When the new option `query-auth.enabled` is set to true, the client
calls `POST /v1/.../databases/{db}/tables/{tb}/auth` before producing a
plan, receives `{ filter, columnMasking }`, and applies them on the
read path:
* `predicate_json_parser` parses Paimon predicate JSON into a
PyArrow compute filter (EQ/NEQ/LT/LTEQ/GT/GTEQ/IS_NULL/IS_NOT_NULL/
IN/NOT_IN/STARTS_WITH/ENDS_WITH/CONTAINS/AND/OR/NOT).
* `AuthFilterReader` / `AuthMaskingReader` / `ColumnProjectReader`
perform row filtering, column masking transforms (NULL, FIELD_REF,
CAST, UPPER, LOWER, CONCAT, CONCAT_WS) and final projection back to
the user's requested columns.
* `TableQueryAuth` / `TableQueryAuthResult` wrap the result and
convert each split to a `QueryAuthSplit`.

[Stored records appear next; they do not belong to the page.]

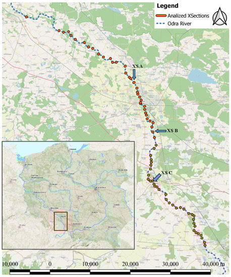 Figure 3 depicts the location of the cross-sections (orange) that were analyzed (around seventy in total, from which forty were selected, where the river bed did not show significant differences from the time of the geodetic survey and the time of the data collection due to natural hydromorphological changes) in this contribution along the canalized part of the Odra River and their geographical location in Poland.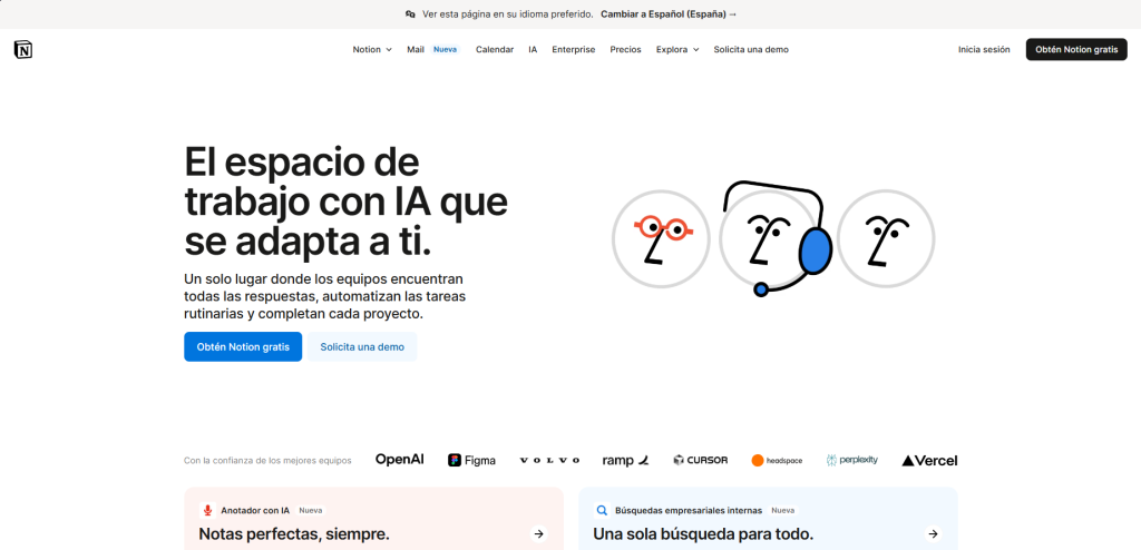 Organizate como un CEO. Si ya usás Notion, su IA integrada te permite planificar, redactar, resumir y tomar decisiones sin salir de la app.
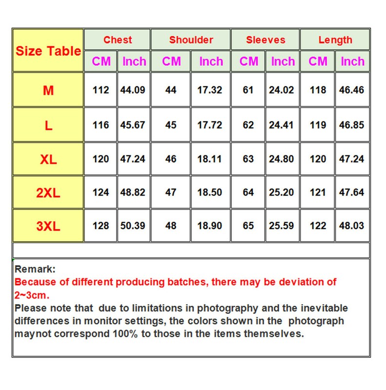 | Asian 3XL=US XL |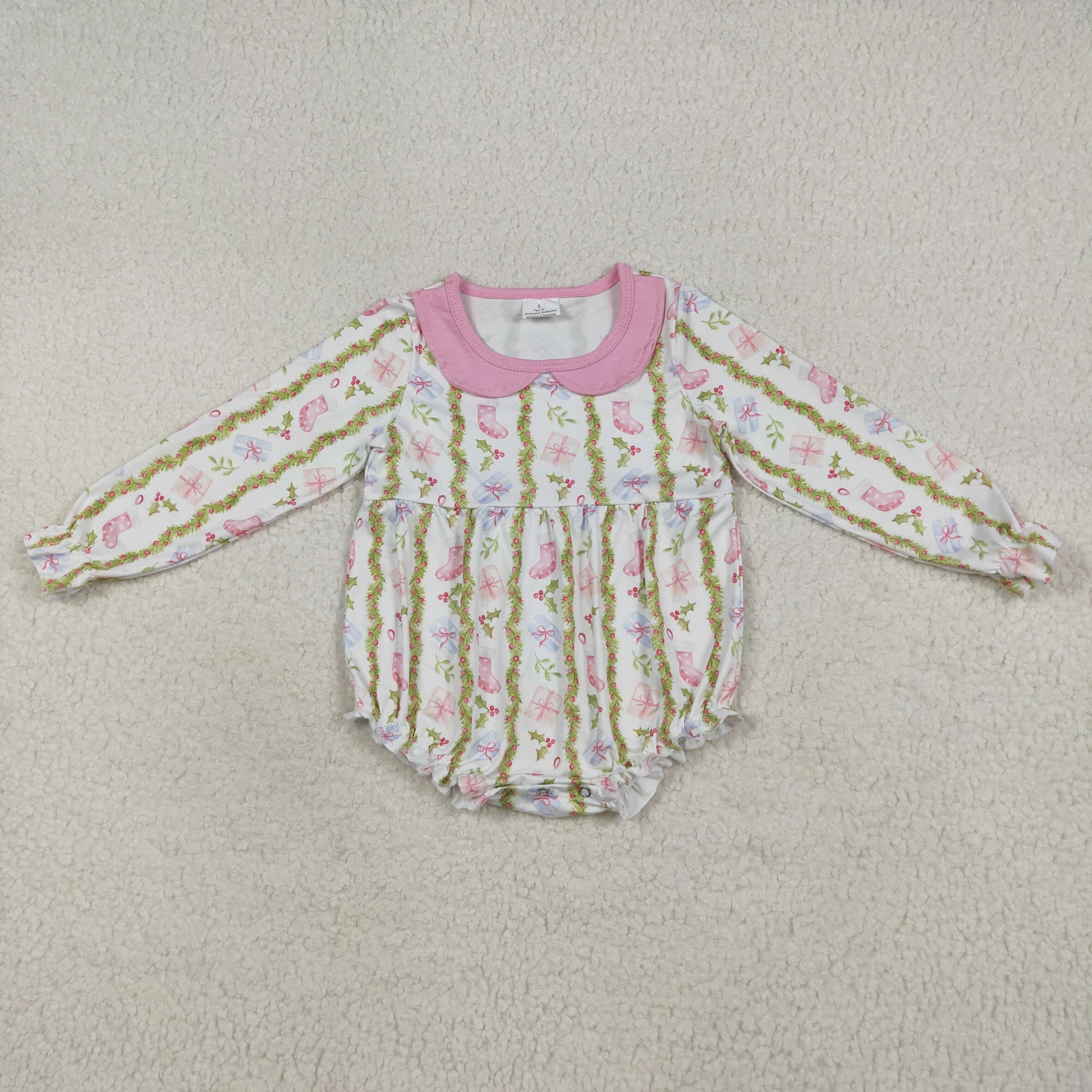 Baby Girls Christmas Gifts Floral Stripe Ruffle Rompers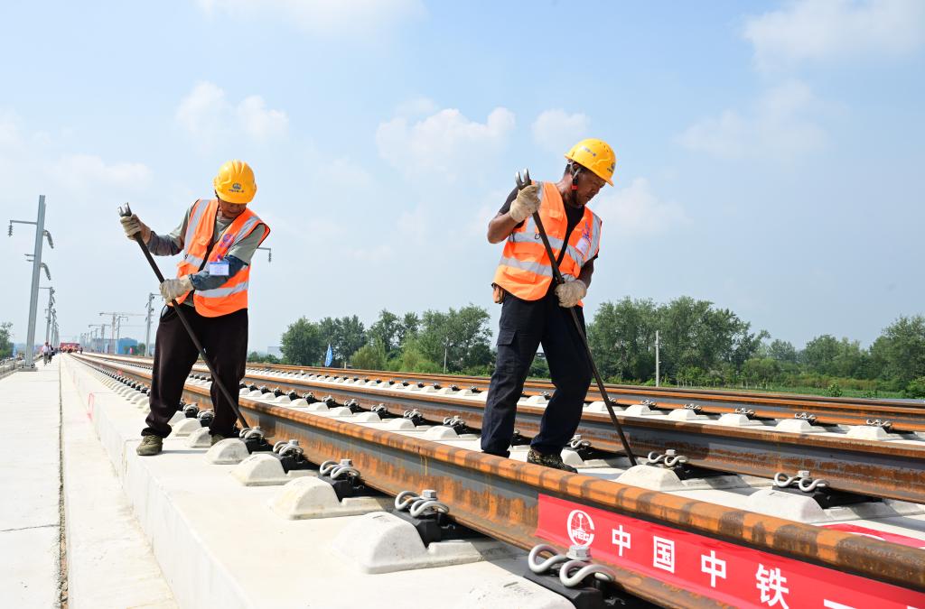 8月6日,中鐵一局施工人員在淮宿蚌城際鐵路鋪軌施工現場作業。
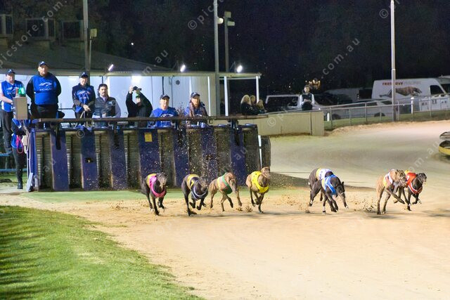 The Gawler Gold Cup finalists spring out of the boxes to begin the 531m sprint. (513132_02)

Behavior is gated by `CoreOptions.QUERY_AUTH_ENABLED` (default false),
so existing users see no change.
- Ray: use table.new_read_builder() instead of direct ReadBuilder() - Streaming: pass query_auth to AsyncStreamingTableScan, apply to all plans - Merge reader: add RecordReaderToBatchAdapter for primary-key tables - Parallel: use _create_reader_for_split, add raw_convertible proxy
Return None instead of a local lambda from table_query_auth() when auth is disabled, since pickle cannot serialize local lambdas. This fixes serializable_test and ray_sink_test failures.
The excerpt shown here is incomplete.